Overview
The goal
of the Gender Equity Project is to leverage the MIT School of Science
report (see History) for the
most positive outcome in redressing gender bias in higher education.
Within
MIT, we aim to institutionalize a process whereby
-
women faculty members are assured of equity, and
-
where their future marginalization is prevented.
Beyond
MIT, we will use the lessons, successes, resistances, and failures
of our MIT experience to help other universities
-
creatively confront these issues, and
-
consider using MIT's approach of committees focused on the equity
and marginalization issues of women faculty.
History
School
of Science Report
In
March 1999, MIT released "A
Study on the Status of Women Faculty in Science at MIT,"
an analysis of the women faculty members at MIT's School of Science.
This report addressed the question of why, thirty years after civil
rights and affirmative action legislation, there are still so few
women on the science faculty. The report also included an evaluation
of the quality of the professional lives of those women. At the
outset of the study, there were 15 tenured women and 194 tenured
men in the 6 departments of the School of Science. The report identified
what we believe are several key reasons for the small number of
women faculty. Clearly, a key causal factor was the gender bias
that women faculty experience as they progressed through their academic
careers.
The report's
key findings were:
- Junior women faculty
feel well supported within their departments and most do not believe
that gender bias will impact their careers; they believe, however,
that family-work conflicts may impact their careers.
- Many tenured women
faculty feel marginalized and excluded from a significant role
in their departments.
- Marginalization increases
as women progress through their careers at MIT, and was often
accompanied by differences in salary, space, awards, resources,
and response to outside offers; women receiving less despite professional
accomplishments equal to those of their male colleagues.
- This pattern repeats
itself in successive generations of women faculty: as of 1994,
the percent of women faculty in the School of Science (8%) had
not changed significantly for at least 10 and probably 20 years.
The inclusion of substantial numbers of women on the science and
engineering faculties of MIT will probably not occur during the
professional lives of our current undergraduate students. The
inclusion of significant numbers of minority faculty will lag
for even longer because of the underrepresentation of minority
students in the pipeline.
MIT Response
to the Report
In
response to the findings of the study, MIT took prompt action to
redress inequities stemming from gender bias. These have already
resulted in highly significant progress, including an increase in
the number of women faculty in the School of Science.
Accompanying
the release of the report was a statement from President Charles
M. Vest, who commented, "I have always believed that contemporary
gender discrimination within universities is part reality and part
perception.
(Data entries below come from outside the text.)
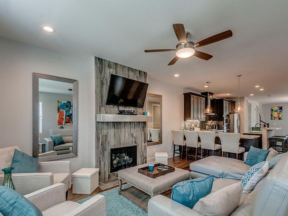 - Living room with sectional, chaise, ottoman, mid-century recliners, 50" Smart TV, and gas fireplace
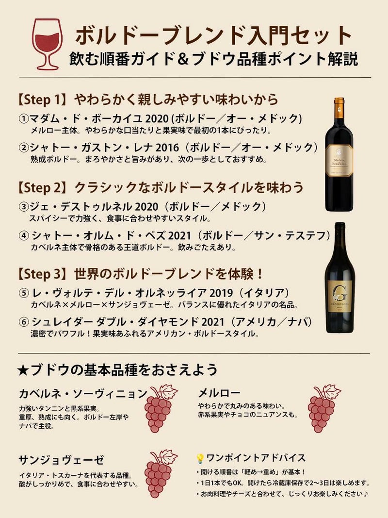 初めてのボルドーブレンド体験セット《カベルネ×メルローの美味しさを知る、6本の旅》【送料無料】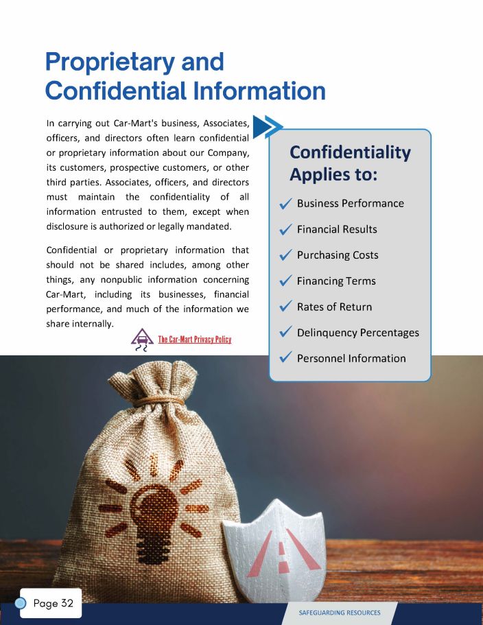 Proprietary and Confidential Information SAFEGUARDING RESOURCES In carrying out Car - Mart's business, Associates, officers, and directors often learn confidential or proprietary information about our Company, its customers, prospective customers, or other third parties . Associates, officers, and directors must maintain the confidentiality of all information entrusted to them, except when disclosure is authorized or legally mandated . Confidential or proprietary information that should not be shared includes, among other things, any nonpublic information concerning Car - Mart, including its businesses, financial performance, and much of the information we share internally . Page 32 A The Car - Mart Privacy Policy t> l Confidentiality Applies to: ✓ Business Performance ✓ Financial Results ✓ Purchasing Costs ✓ Financing Terms ✓ Rates of Return ✓ Delinquency Percentages ✓ Personnel Information

True, but I now understand that reality is by far the
greater part of the balance." The Dean of MIT's School of Science
also accepted the report's conclusion about the existence and effect
of gender bias. Both President Vest and the Dean expressed their
concern about addressing the more difficult root causes of the problem.
See also Council
on Faculty Diversity.
Public
Response to the Report
The
combination of the facts of the report and the statements from MIT
leadership resulted in an unanticipated level of visibility for
the effort and for MIT. News of the findings reached the front pages
of the Boston Globe, the New York Times and other major newspapers.
The authors of the report and the administrators involved were contacted
by more than forty-five newspapers, television and radio stations,
and magazines. There was also a steady stream of e-mail, letters
and phone calls from women professors and administrators throughout
the United States. The responses were and continue to be overwhelmingly
positive regarding MIT's frank admission of this fundamental, often
unrecognized problem of gender bias. Collectively, the responses,
however, also strongly support the view that the problem of gender
bias is (a) widespread and (b) often denied in the academy.
Gender
Equity Project (GEP): Mission and Structure
Following
the School of Science study, MIT was faced with a major challenge.
Many in the academic world looked to us for leadership, but our
own experience was still very limited. Our challenge was to maintain
our progress in the School of Science, and also to translate the
initiative from that school to the other four schools at MIT. At
the same time, we wanted to begin formally to help the many other
institutions and individuals outside MIT who sought our advice on
how to carry out similar studies.
But the
women faculty from the School of Science, and a number of other
women faculty in the other four schools at MIT, all had a strong
sense of what needed to be done, both within and outside the Institute.
So in the spring of 2000, with the generous support of the Ford
Foundation and the Atlantic Philanthropies, the GEP was established
to enable faculty women to pursue their course of action. The philanthropies'
support
- gives the faculty
time and assistance for working on the equity
committees and various GEP projects
- provides funding
for the projects themselves, which include
Goals
Internal
To add breadth and
depth to MIT's examination of gender bias, extending within and
beyond the School of Science to foster positive change throughout
the Institute. The goal is to institutionalize a process whereby
women faculty members at MIT are assured of equity and where their
future marginalization is prevented.
External
To use the lessons,
successes, resistances, and failures of our MIT experience to
help redress gender bias issues on a larger platform. With our
MIT experience as a model, we will help other universities creatively
confront these issues, and consider using the Institute's approach
of establishing committees focused on the equity and marginalization
issues of women faculty.
School
Equity Committees
Following the publication
of the School of Science report, an equity committee was established
at each of the other four schools at MIT (Architecture and Planning;
Engineering; Humanities, Arts, and Social Sciences; Sloan School
of Management). These committees were modeled on the Science committee,
and are composed of a tenured woman from each department, plus senior
male faculty, preferably men who are or have been department heads.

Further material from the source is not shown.